Data records:
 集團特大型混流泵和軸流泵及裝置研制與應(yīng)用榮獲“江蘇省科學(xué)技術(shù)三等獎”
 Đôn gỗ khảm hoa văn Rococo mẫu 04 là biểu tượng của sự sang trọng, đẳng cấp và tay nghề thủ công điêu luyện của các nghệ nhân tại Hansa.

==

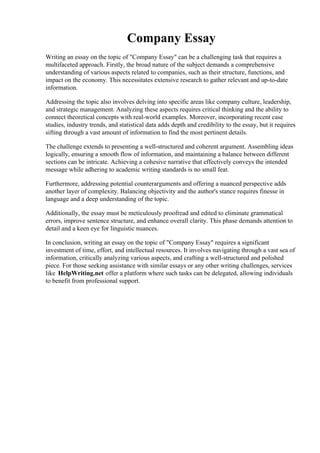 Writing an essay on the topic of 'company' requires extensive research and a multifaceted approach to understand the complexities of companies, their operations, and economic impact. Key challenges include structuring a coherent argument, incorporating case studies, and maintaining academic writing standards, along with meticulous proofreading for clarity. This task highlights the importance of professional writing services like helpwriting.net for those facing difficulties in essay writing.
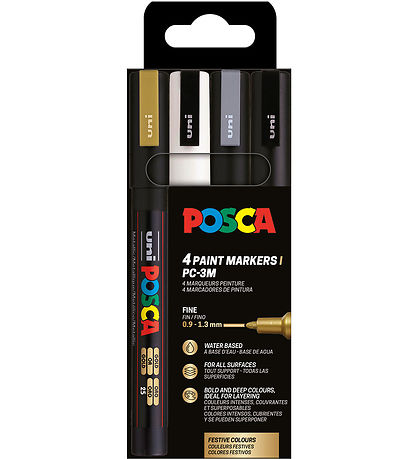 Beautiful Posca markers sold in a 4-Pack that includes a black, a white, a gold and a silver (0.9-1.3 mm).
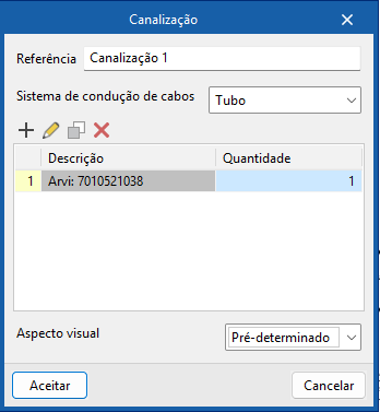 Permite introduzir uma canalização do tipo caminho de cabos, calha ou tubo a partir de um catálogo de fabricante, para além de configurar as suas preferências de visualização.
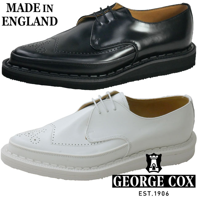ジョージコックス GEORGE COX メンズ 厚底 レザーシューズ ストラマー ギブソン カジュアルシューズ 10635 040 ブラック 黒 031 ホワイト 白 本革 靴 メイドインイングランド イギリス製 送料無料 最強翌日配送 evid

...

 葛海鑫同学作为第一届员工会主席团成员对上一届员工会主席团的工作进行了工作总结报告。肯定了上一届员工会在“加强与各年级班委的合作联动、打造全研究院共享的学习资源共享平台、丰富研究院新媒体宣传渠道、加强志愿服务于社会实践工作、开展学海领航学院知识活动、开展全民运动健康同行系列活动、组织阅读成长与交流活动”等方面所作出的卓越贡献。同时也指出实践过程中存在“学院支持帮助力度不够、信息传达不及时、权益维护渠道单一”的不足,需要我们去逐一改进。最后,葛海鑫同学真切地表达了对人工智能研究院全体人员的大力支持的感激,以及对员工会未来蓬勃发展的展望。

Problem details:
Give back, unchanged, the run of lines in the listing above that begins at the line containing "集團特大型混流泵和軸流泵及裝" and ends at the line containing "Đôn gỗ khảm", both included.

Solution to the problem:
 集團特大型混流泵和軸流泵及裝置研制與應(yīng)用榮獲“江蘇省科學(xué)技術(shù)三等獎”
 Đôn gỗ khảm hoa văn Rococo mẫu 04 là biểu tượng của sự sang trọng, đẳng cấp và tay nghề thủ công điêu luyện của các nghệ nhân tại Hansa.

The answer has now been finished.